I have actually 2 questions. The first one is also an inventory question. As I can see from the P&L, the cost of sold goods hasn't decreased as much as the turnover. Is that due to inflation? Or is it that you have, as you mentioned, taken some cost for a higher inventory level? And can we then expect some costs to decrease during Q3? And the second question is regarding the store upgrades. How much do you expect costs to come down when you have updated all stores to 3.0?

Mattias Ankarberg

executive
#13

Dennis, I will try to answer the first one, and then I'll ask Helena to answer the second one. Yes, you are right that COGS has different development and sales. I mean, the difference between the two is the gross margin. And as mentioned earlier, it's been a continued good gross margin development for several years for us.

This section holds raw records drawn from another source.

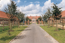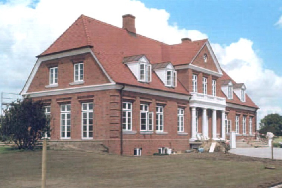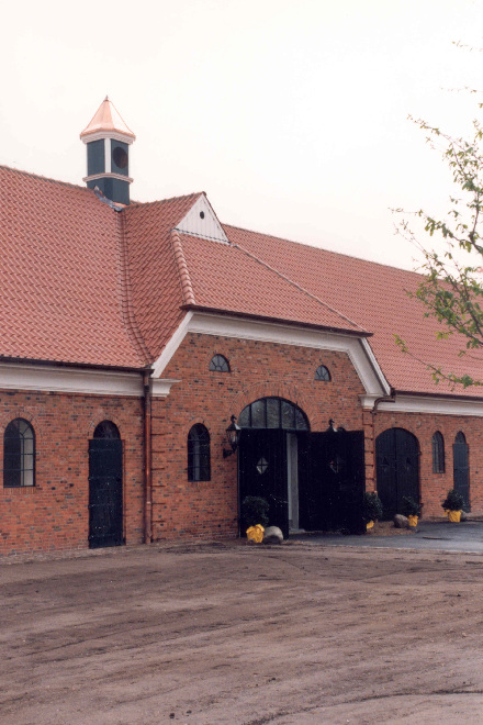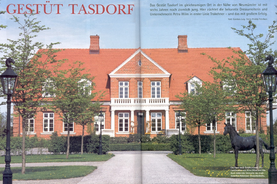 A three-sided courtyard stud farm was built in the North German manor house style, and it is one of the finest addresses in the north. The Wilm family runs a successful Trakehner and sport horse breeding operation here, creating a combined stud farm and training facility.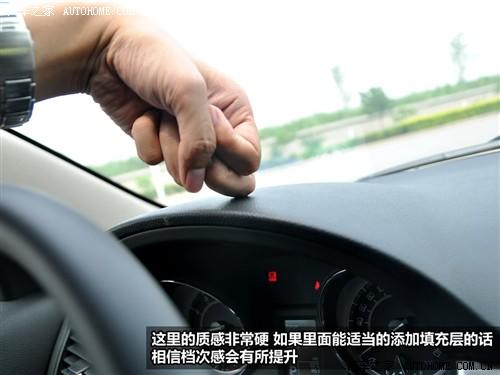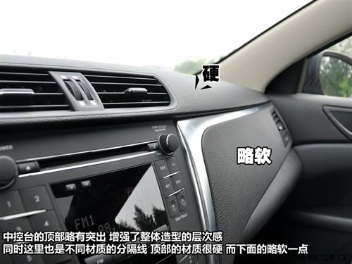 但我們并不太喜歡中控臺的覆蓋材質,尤其是中控臺頂部,由于缺少填充物這里完全是硬梆梆的。沒有親和力的手感讓人覺得不夠顯檔次。而金屬裝飾之下的部分雖然里面有填充層,但摸上去只比頂部略軟一點,依然談不上觸感細膩。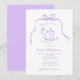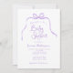 Lila Einladung der Bow Baby Dusche. Ein trendiger, niedlicher handgezeichnet Stilbogen und Band gepaart mit skurrilen und lustigen Schriftart. Einfach aber spielerisch. Lila und weiß dargestellt, aber Sie können alle neuen Farben für Hintergrund, Design und Text auswählen. Personalisieren Sie die fertige Vorlage mit allen notwendigen Veranstaltungsinformationen, um Ihre Babydusche-Einladungen mühelos anzupassen. © Kimbellished, LLC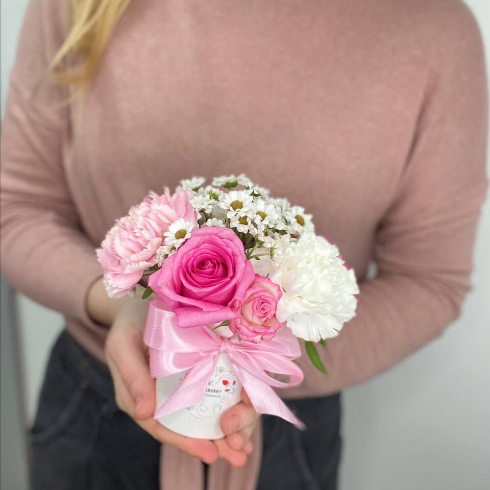 “Атлас☁️” – цветочная композиция с зефиром в деревянном ящике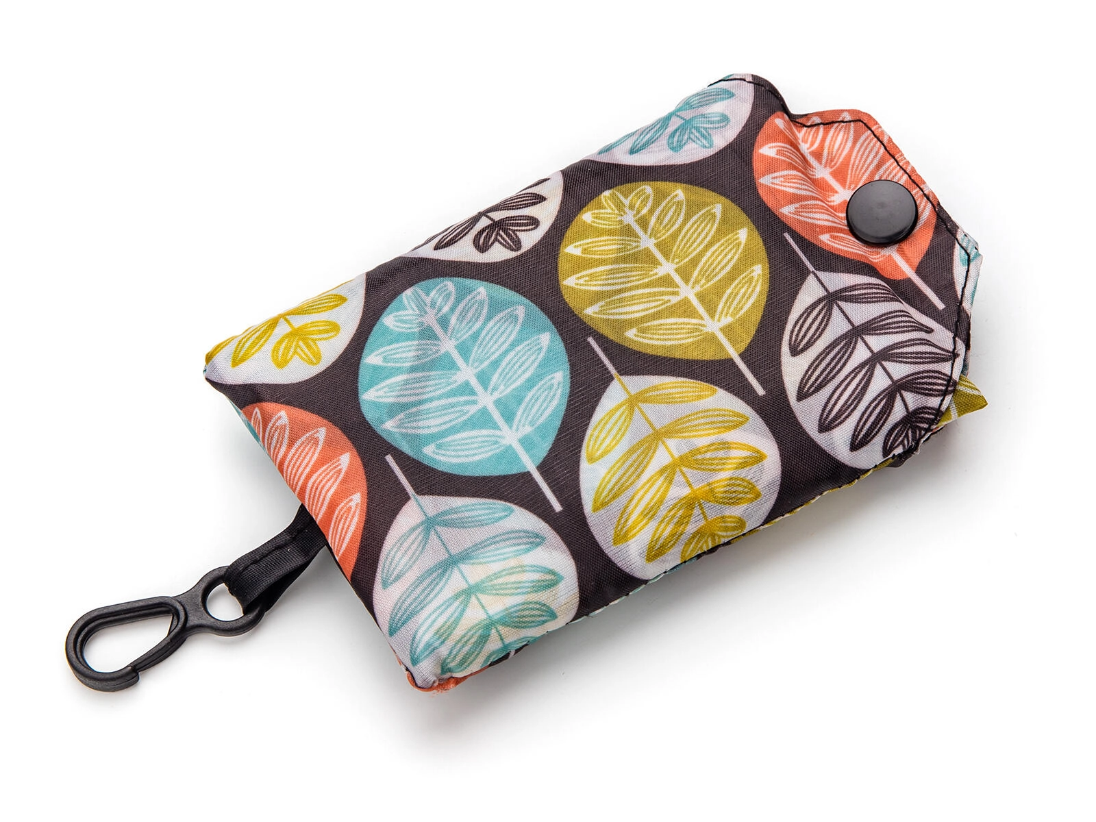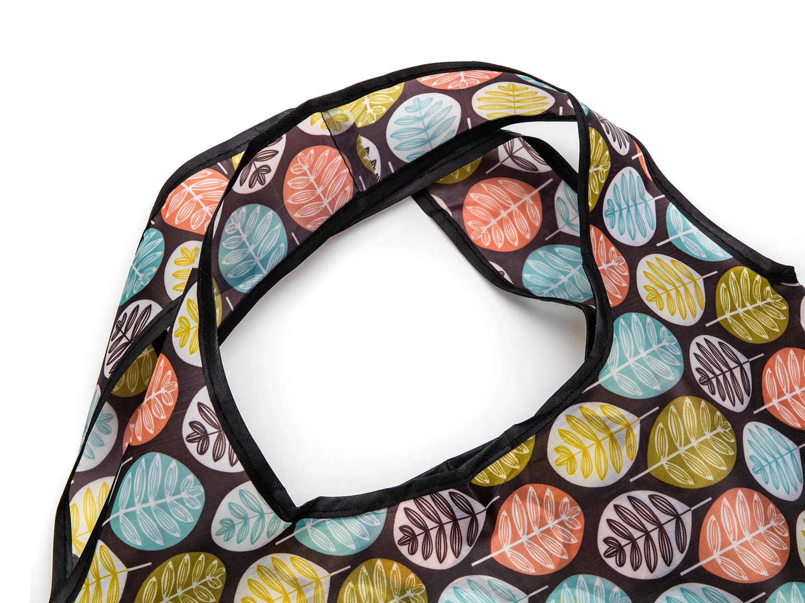 Szukasz praktycznej, stylowej i ekologicznej alternatywy dla plastikowych toreb? Składana torba na zakupy Pretty Up z kolorowym wzorem liści jest leciutka, wytrzymała i w mgnieniu oka złożysz ją do małego etui. Idealna do torebki, plecaka i samochodu.

But last year, we had a very positive effect of timber prices increasing faster to the consumer than the cost. So that is the reason why you see those effects that you were mentioning. If you would account for that, you would continue to see an improved gross margin year-on-year. And then the second question regarding the cost of store upgrades, I will hand over to Helena.

Helena Nathhorst

executive
#14

Yes. We have only a few store upgrades left as you mentioned. I would say that the main difference will be on the CapEx side. There is some cost on the P&L, and we have both sort of personnel working with store upgrades and some other costs in the store upgrading. But the main focus will be the CapEx number going down after they're finalizing all the portfolio to upgraded modern stores.

Operator

operator
#15

[Operator Instructions] We have no further questions in the queue. So I'll hand the call back to Mattias for any closing remarks.

Mattias Ankarberg

executive
#16

Thank you very much, Lydia, and everybody. Wish you a good summer, and look forward to speaking to you again at the Q3 call.

Operator

operator
#17

This concludes today's call. Thank you very much for joining. You may now disconnect your lines.